Description of the task: Please copy exactly the part of the records below that opens with the line containing "Una vez seleccionado" and closes with the line containing "그리고 자가진단에 참여한", leaving out any pictures.

Data shown:
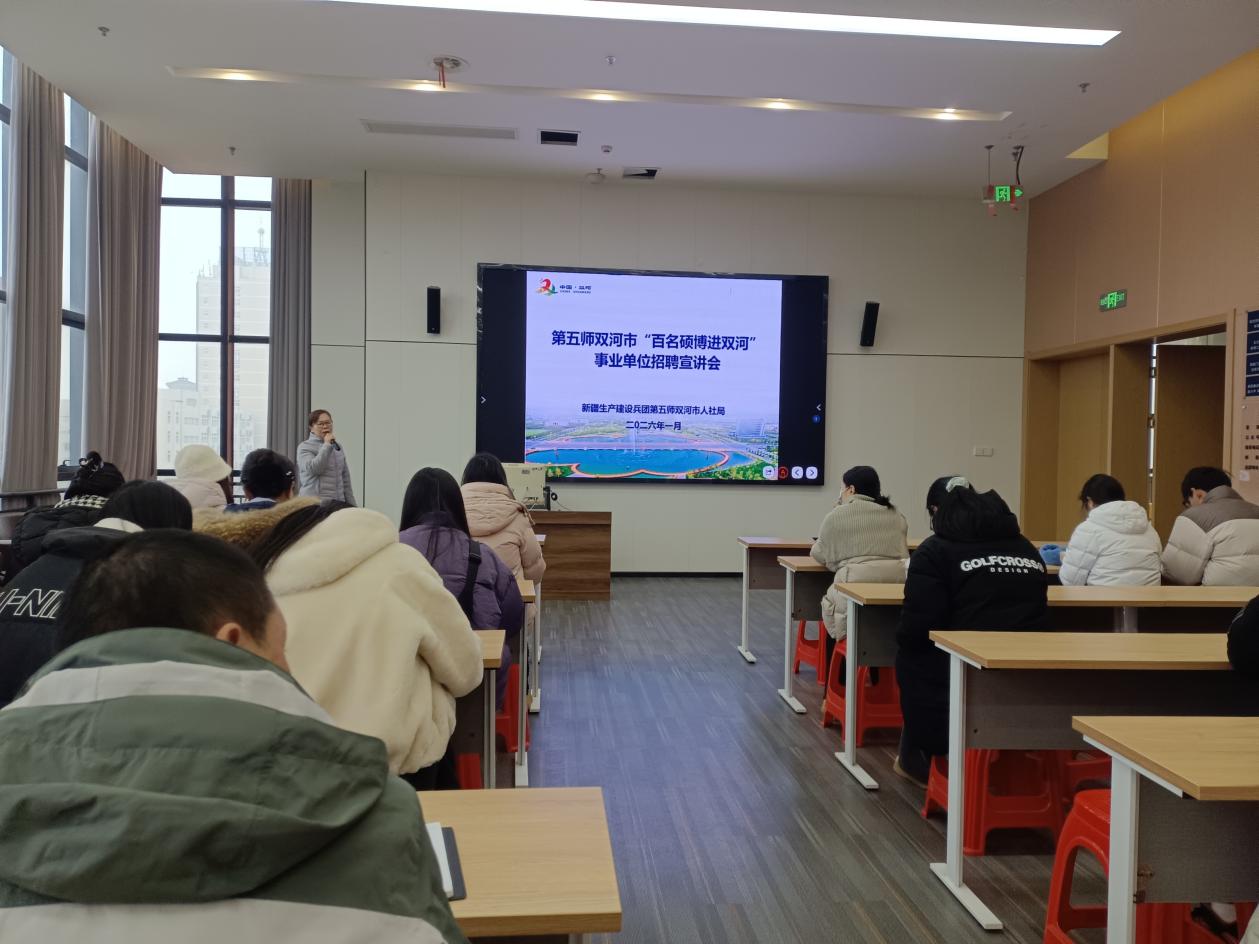 第五师双河市人社局工作人员在宣讲中指出,双河市经济社会保持高质量发展态势,地区生产总值和居民收入稳步增长,展现出良好的发展潜力。作为本次招聘的主体单位,双河职业技术学院紧密围绕兵团“稳定器、大熔炉、示范区”的战略定位,正加快建设特色专业群,持续改善办学条件,为青年人才提供了广阔的发展平台。
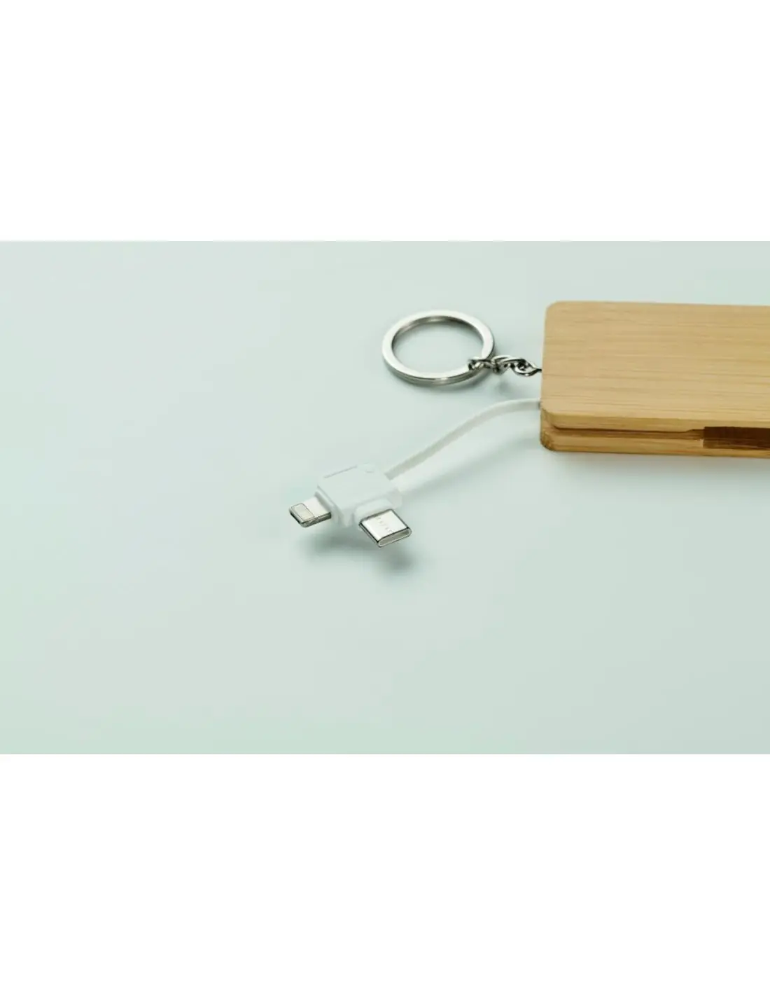 Llavero con carcasa de bambú y cables de carga. Entrada: 2 en 1 Tipo-C y Tipo-A. Salida: Tipo-C y micro-B (2 en 1 pin).
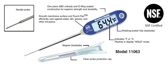 這個(gè)大屏顯示的防水溫度計(jì)是測(cè)量烹煮中和保溫中食物溫度的理想工具。根據(jù)FDA的食品法典第4-302條,,其探針針尖設(shè)計(jì)保證其快速的反應(yīng)時(shí)間,用以測(cè)量較小塊/片的食物。
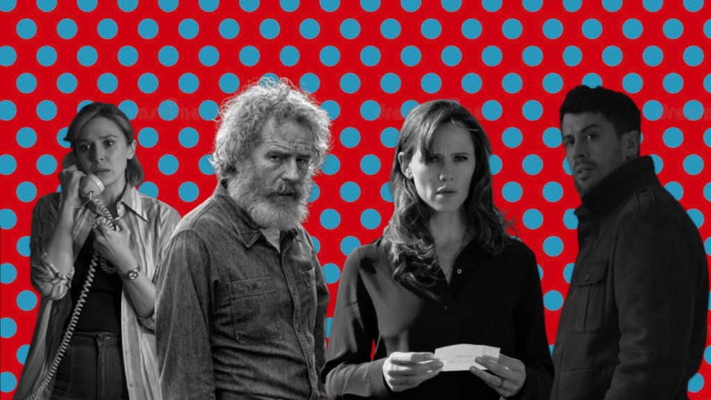 (L-R) Elizabeth Olsen in HBO Max’s LOVE AND DEATH; Bryan Cranston in Showtime’s YOUR HONOR; Jennifer Garner in Apple TV+’s THE LAST THING HE TOLD ME; Toby Kebbell in Apple TV+’s SERVANT.
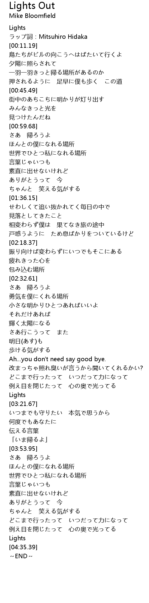 | [00:03.32] | ラップ詞:Mitsuhiro Hidaka |
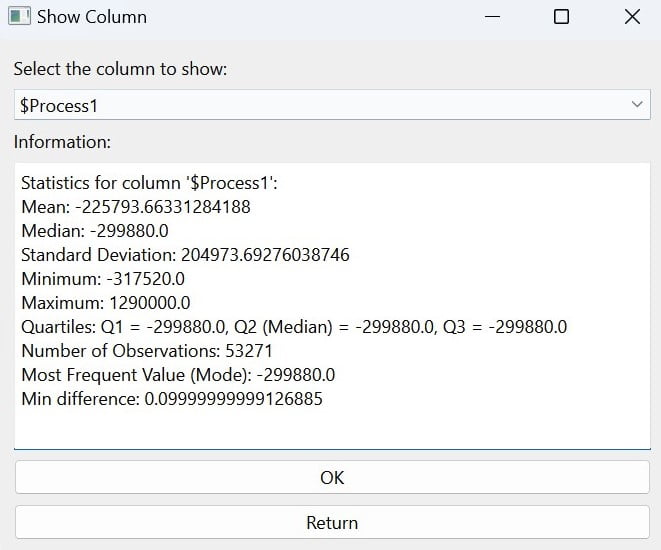 Una vez seleccionado un archivo, Tendrás la opción de agregar o eliminar columnas, obtener estadísticas de columnas, y guardar columnas.
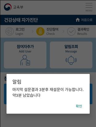 그리고 자가진단에 참여한 직후 3분 동안은 재설문이 불가능합니다. 따라서 본인의 현재 건강상태와 증상 여부를 꼼꼼히 잘 체크하면서 자가진단에 참여하는 것이 좋습니다. 또한 학생 이름 옆에 참여한 시간이 기록되기 때문에 자가진단을 전날 밤이나 새벽에 미리 진행해두는 것이 불가능하게 되었습니다.
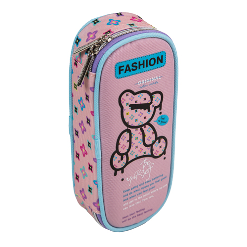 Пенал " deVente " 1 отделение 21*8*5см Fashion Bear, для 50 предметов, овальный, с внутренним органайзером-створкой, на молнии, текстиль
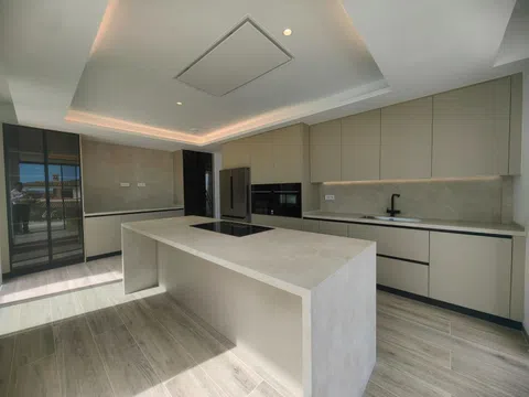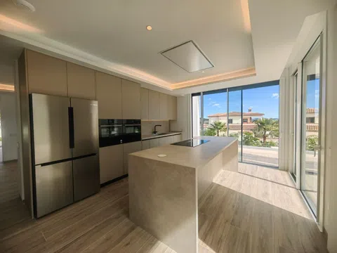 De open keuken is de droom van elke chef, volledig uitgerust met hoogwaardige apparaten van premium merken en voorzien van een elegante eiland met design afzuigkap, Silestone werkbladen en een glazen achterkant in bijpassende tinten.

The answer:
 Una vez seleccionado un archivo, Tendrás la opción de agregar o eliminar columnas, obtener estadísticas de columnas, y guardar columnas.
 그리고 자가진단에 참여한 직후 3분 동안은 재설문이 불가능합니다. 따라서 본인의 현재 건강상태와 증상 여부를 꼼꼼히 잘 체크하면서 자가진단에 참여하는 것이 좋습니다. 또한 학생 이름 옆에 참여한 시간이 기록되기 때문에 자가진단을 전날 밤이나 새벽에 미리 진행해두는 것이 불가능하게 되었습니다.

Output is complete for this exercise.